INFORMATION PROVIDED: Begin
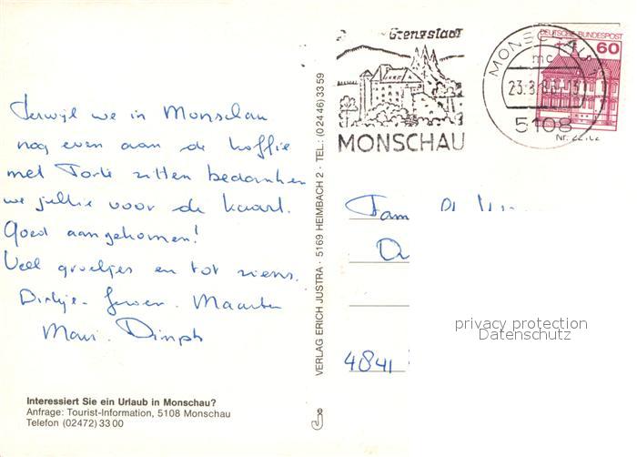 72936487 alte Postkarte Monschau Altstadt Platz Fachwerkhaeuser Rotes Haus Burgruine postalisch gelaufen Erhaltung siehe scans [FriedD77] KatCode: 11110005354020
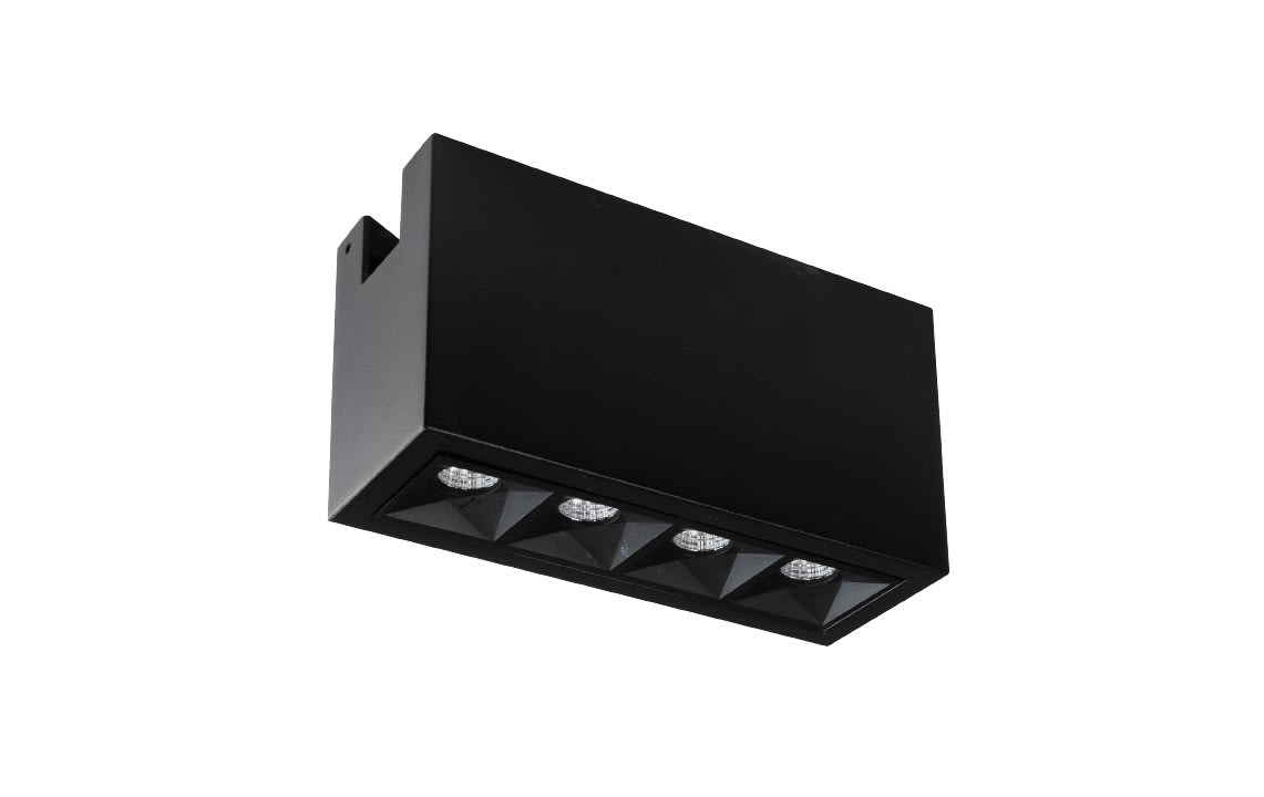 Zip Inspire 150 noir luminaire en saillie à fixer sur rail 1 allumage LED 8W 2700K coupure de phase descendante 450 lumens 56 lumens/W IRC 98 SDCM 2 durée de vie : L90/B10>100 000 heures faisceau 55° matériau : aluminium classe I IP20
INFORMATION PROVIDED: End
INFORMATION PROVIDED: Begin
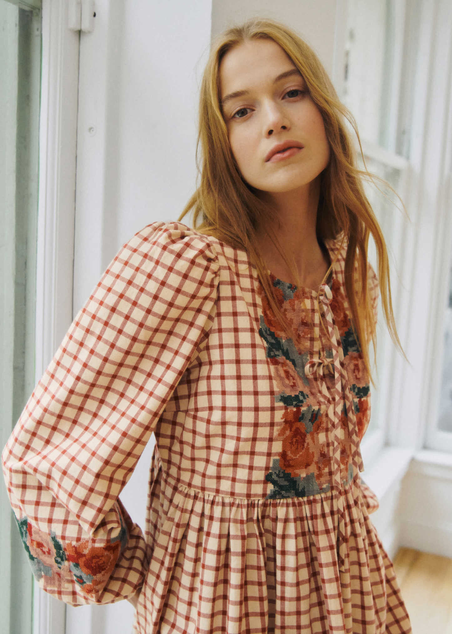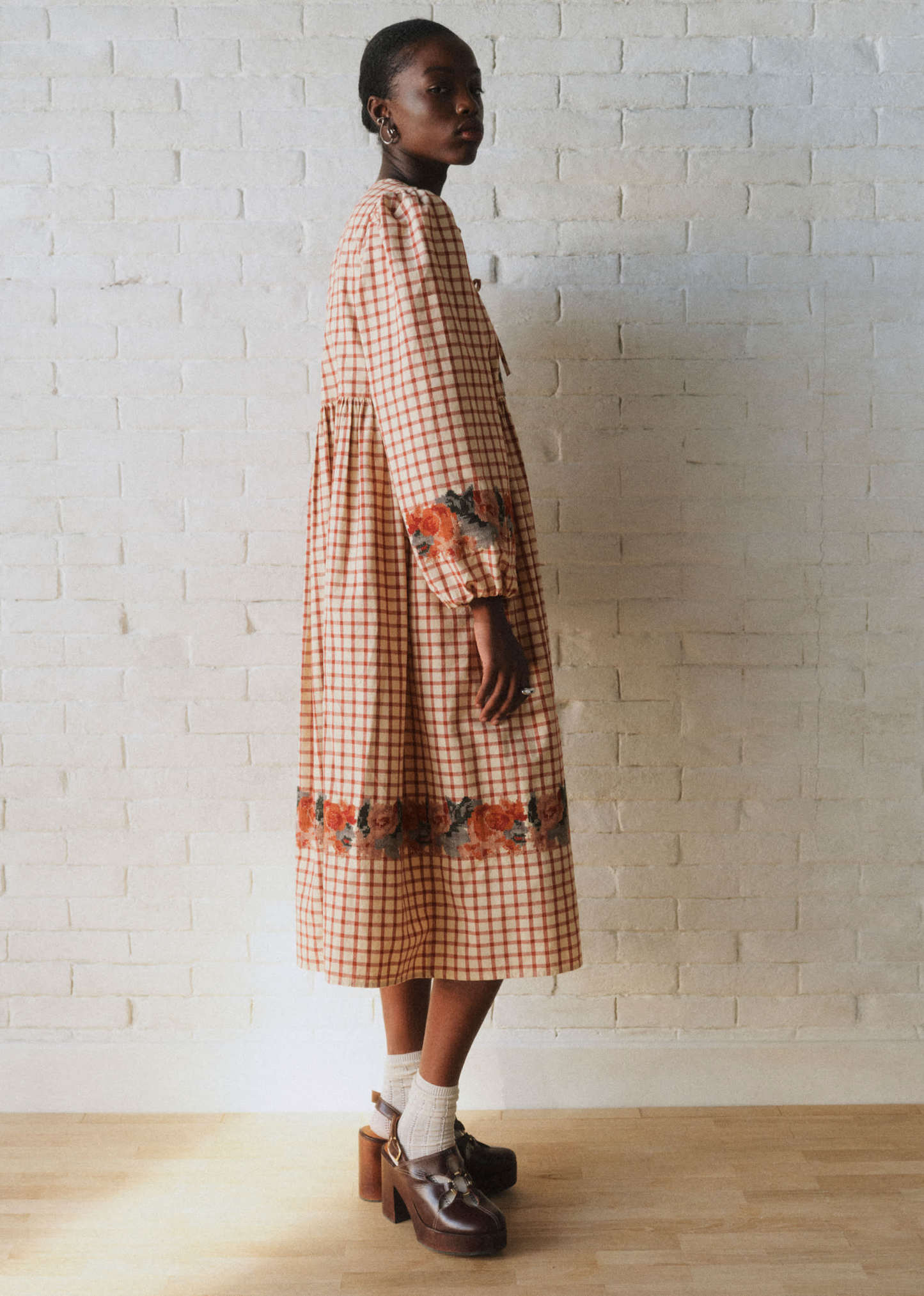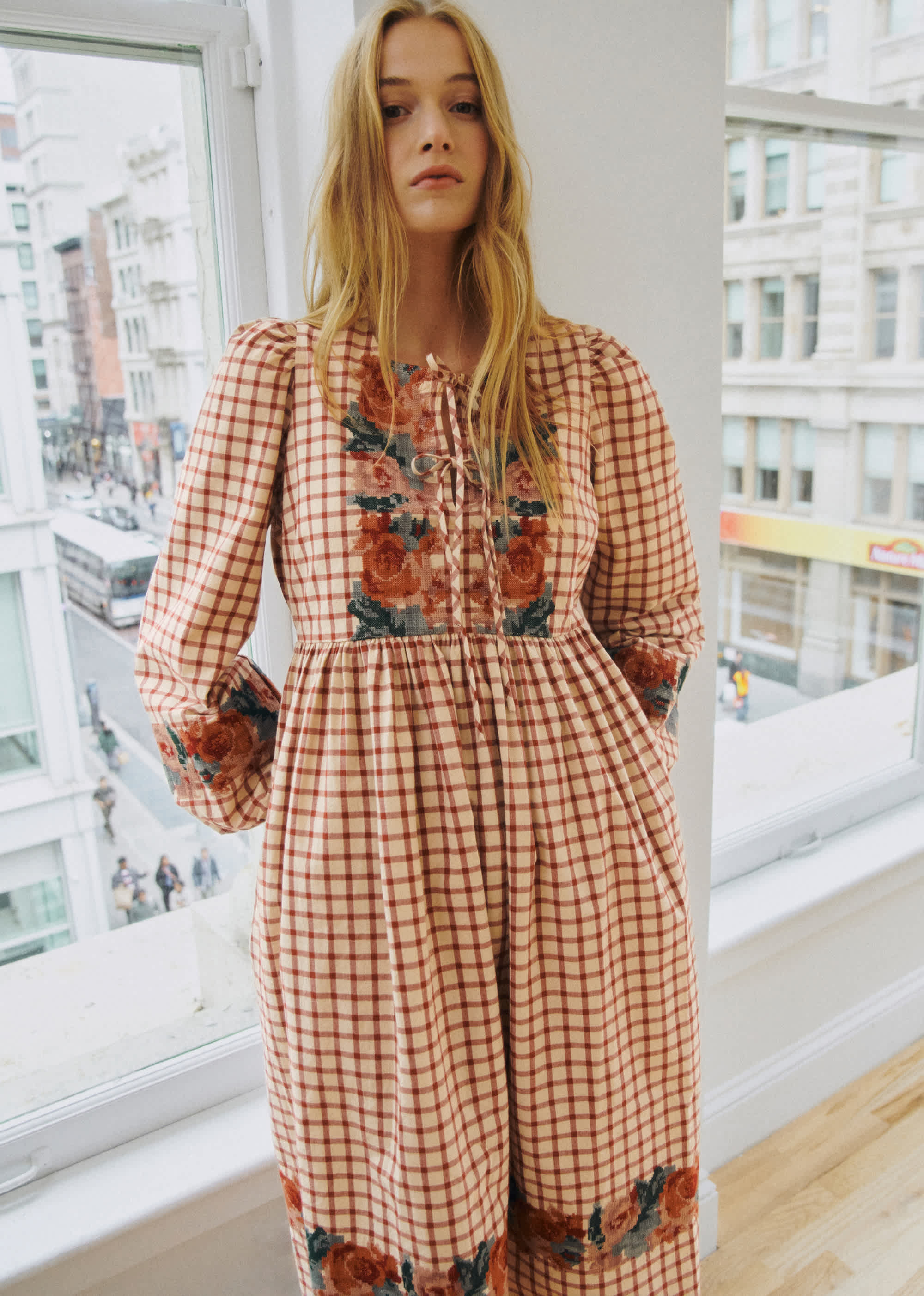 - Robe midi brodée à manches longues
INFORMATION PROVIDED: End
INFORMATION PROVIDED: Begin
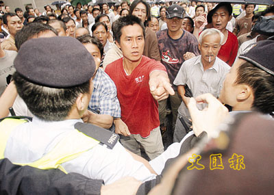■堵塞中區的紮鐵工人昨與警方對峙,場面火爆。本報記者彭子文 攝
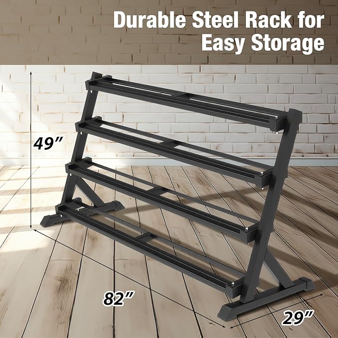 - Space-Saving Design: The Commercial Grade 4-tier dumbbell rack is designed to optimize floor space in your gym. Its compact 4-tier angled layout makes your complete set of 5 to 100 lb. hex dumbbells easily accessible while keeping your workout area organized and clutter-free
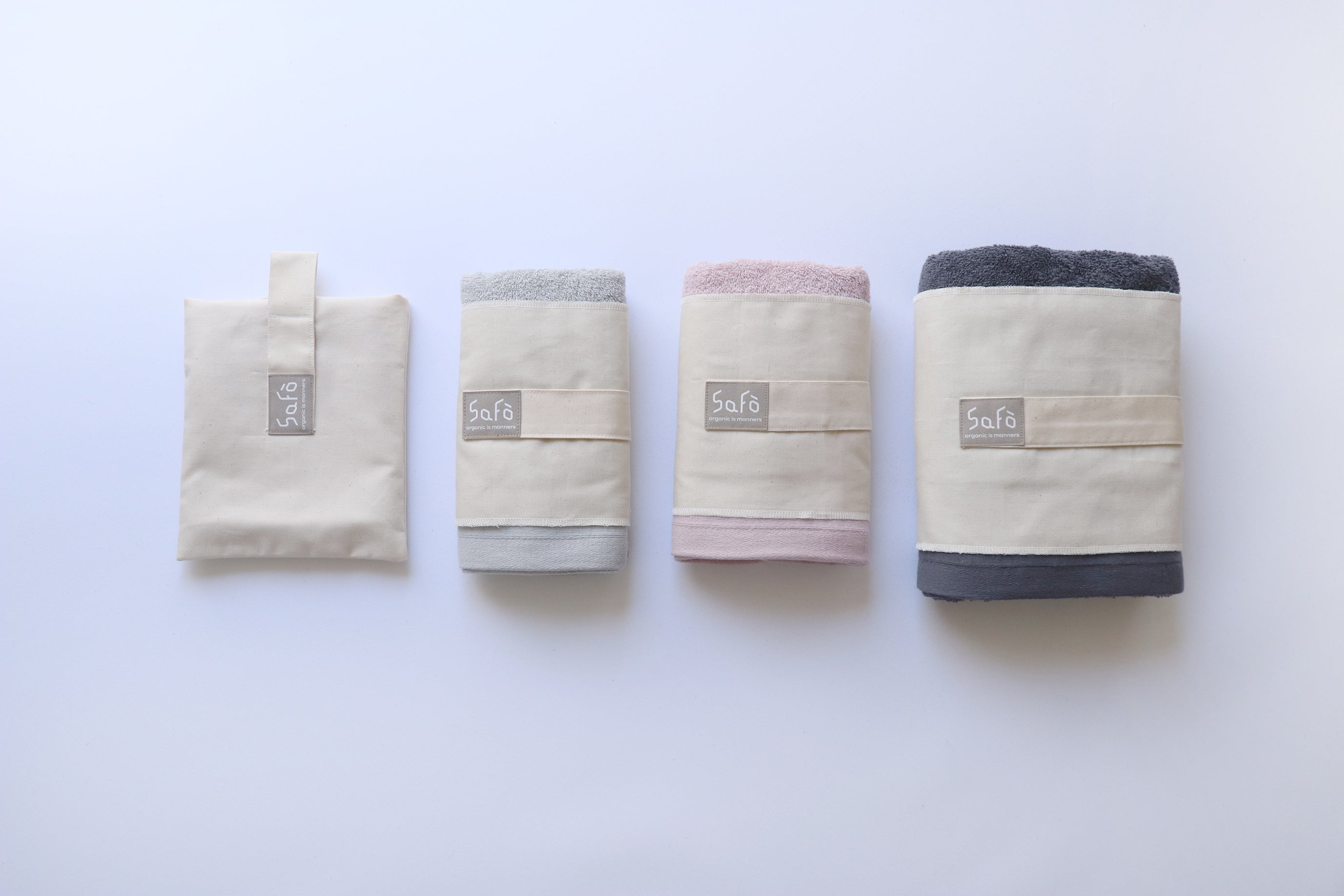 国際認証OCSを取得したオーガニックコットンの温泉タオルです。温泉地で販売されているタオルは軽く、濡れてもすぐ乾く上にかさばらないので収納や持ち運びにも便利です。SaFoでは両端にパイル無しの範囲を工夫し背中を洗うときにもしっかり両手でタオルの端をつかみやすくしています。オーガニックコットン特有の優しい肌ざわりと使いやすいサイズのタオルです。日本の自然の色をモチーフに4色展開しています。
INFORMATION PROVIDED: End
■ **TASK BRIEF**: Line for line, output the entries above from the line with "- Space-Saving Design: The" to the line with "国際認証OCSを取得したオー", both included, and nothing more. Skip pictures.

■ **RESULT OF THIS TASK**:
 - Space-Saving Design: The Commercial Grade 4-tier dumbbell rack is designed to optimize floor space in your gym. Its compact 4-tier angled layout makes your complete set of 5 to 100 lb. hex dumbbells easily accessible while keeping your workout area organized and clutter-free
 国際認証OCSを取得したオーガニックコットンの温泉タオルです。温泉地で販売されているタオルは軽く、濡れてもすぐ乾く上にかさばらないので収納や持ち運びにも便利です。SaFoでは両端にパイル無しの範囲を工夫し背中を洗うときにもしっかり両手でタオルの端をつかみやすくしています。オーガニックコットン特有の優しい肌ざわりと使いやすいサイズのタオルです。日本の自然の色をモチーフに4色展開しています。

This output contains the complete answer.